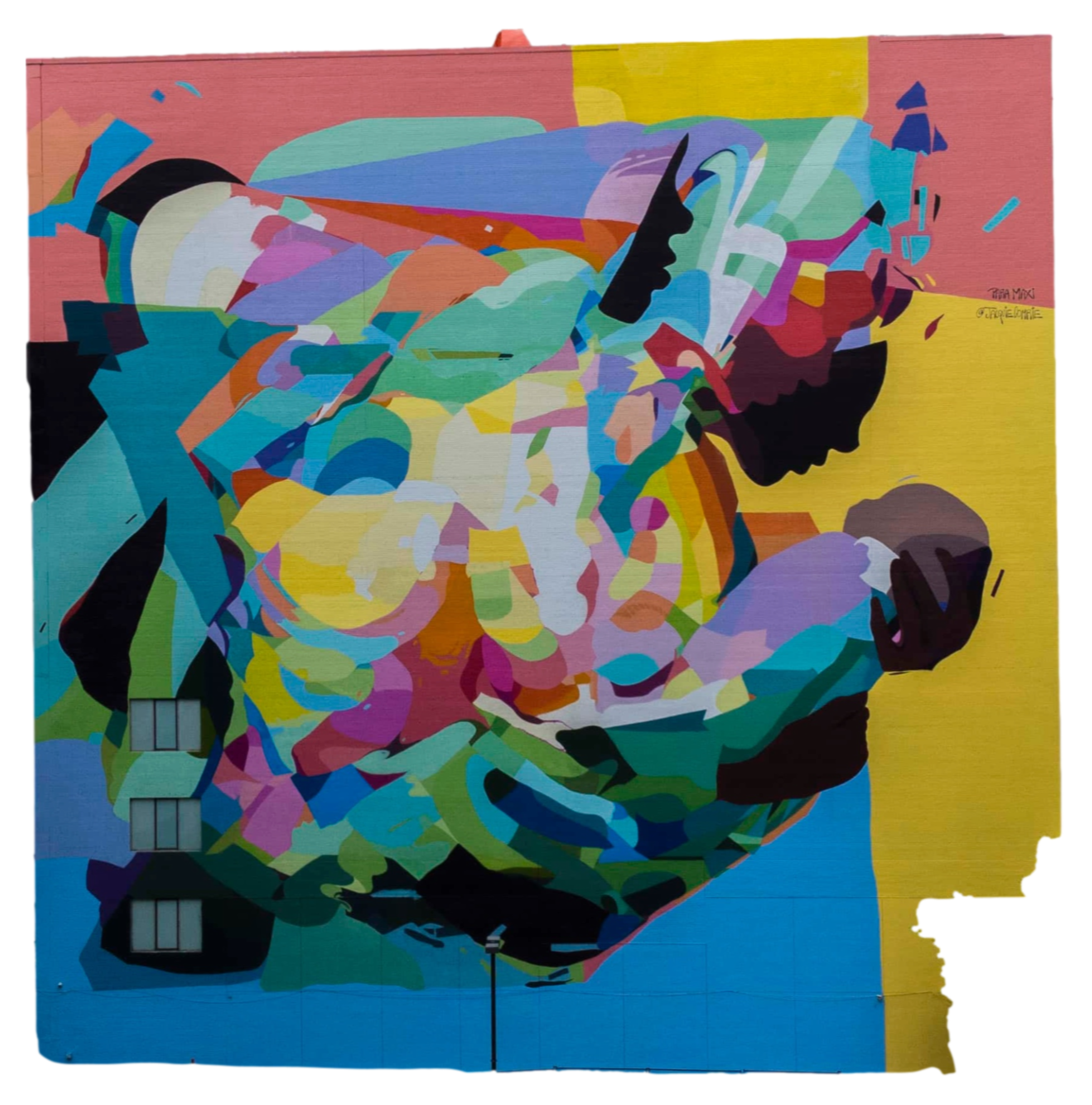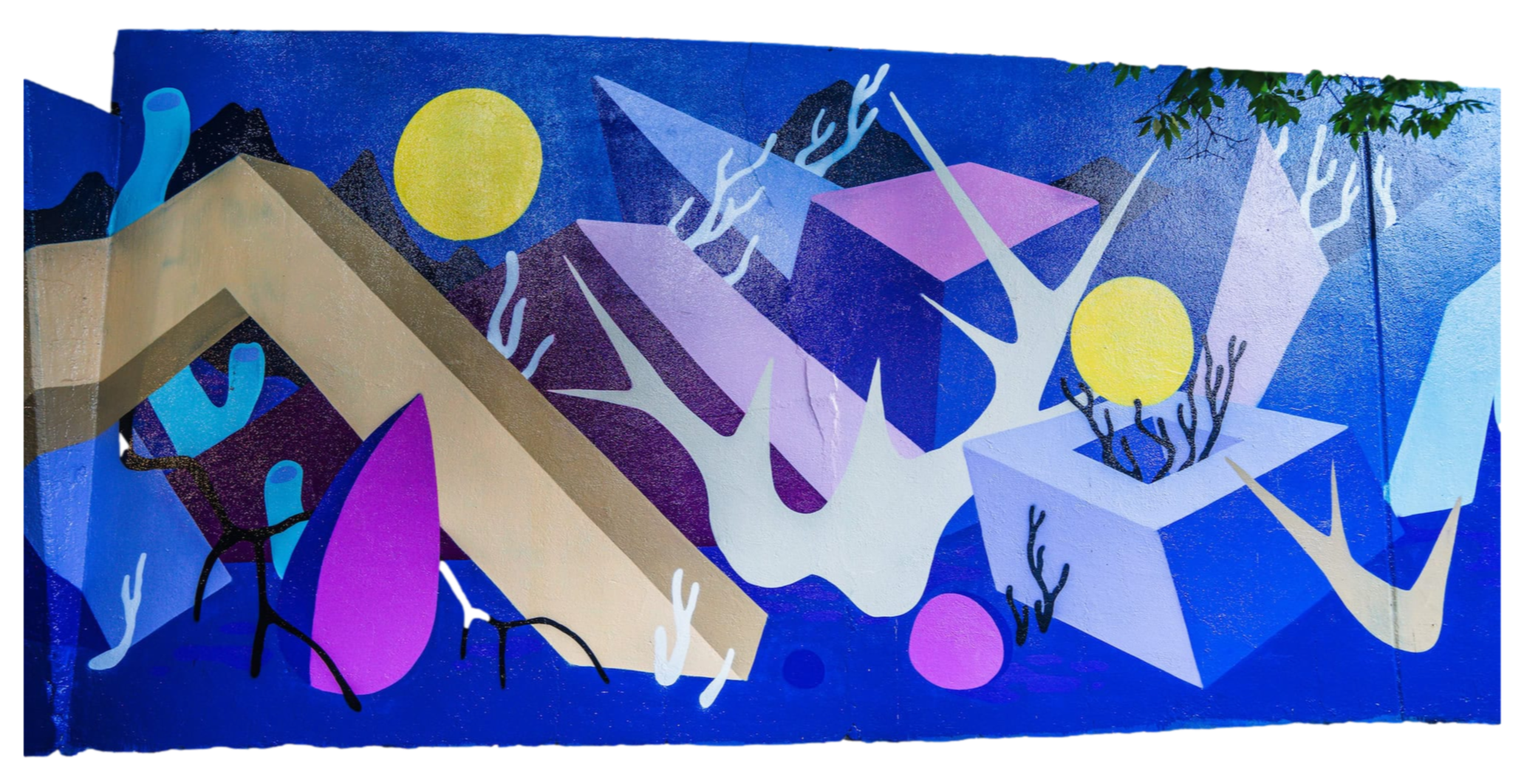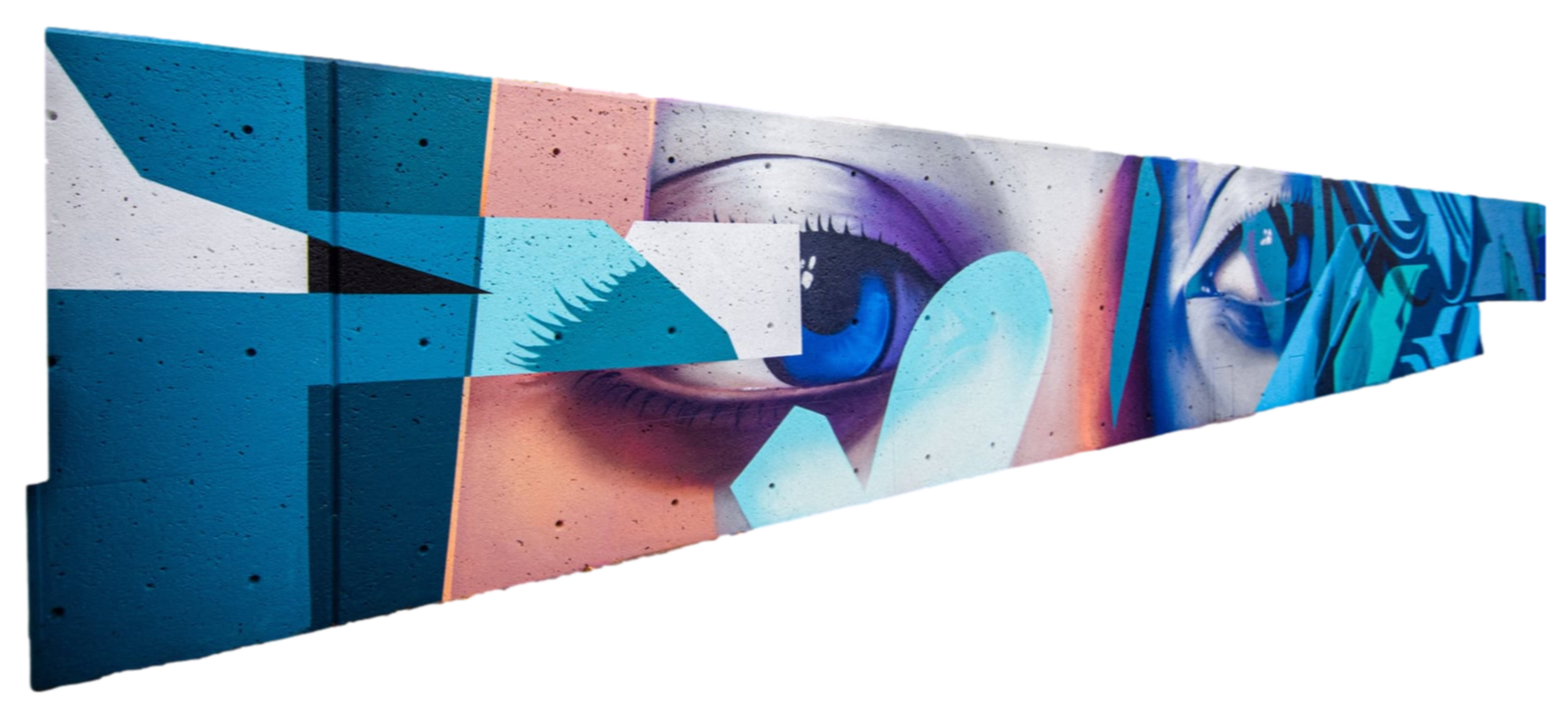 The artist was inspired by the wall having such a unique shape that resembled the mountains, which was a jumping-off point for this muralMural
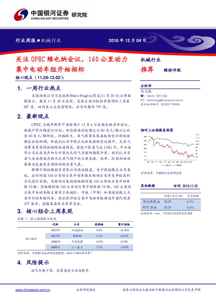 中国银河:机械行业周报:关注OPEC维也纳会议,160公里动力集中电动车组开始招标.pdf
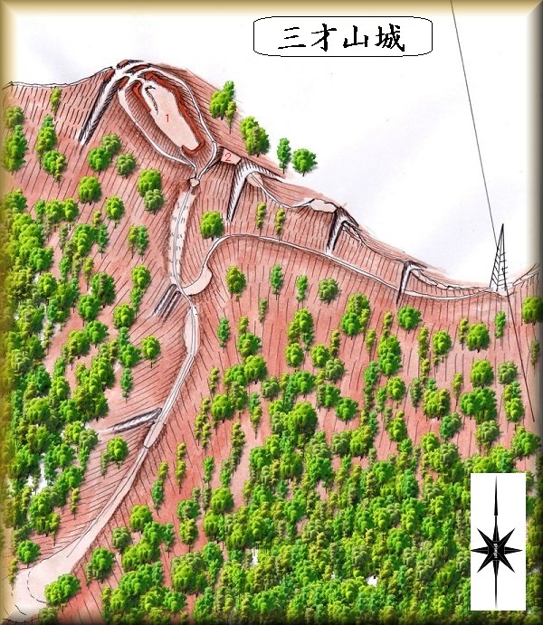 三才山砦は、薬師堂の東方にそびえる比高300mほどの山稜に築かれていた。

WHAT NEEDS TO BE DONE: Exactly the lines from the line with "中国银河:机械行业周报:关注" through the last line of the listing, both included, should be extracted, and the pictures left behind.

REPLY:
 中国银河:机械行业周报:关注OPEC维也纳会议,160公里动力集中电动车组开始招标.pdf
 三才山砦は、薬師堂の東方にそびえる比高300mほどの山稜に築かれていた。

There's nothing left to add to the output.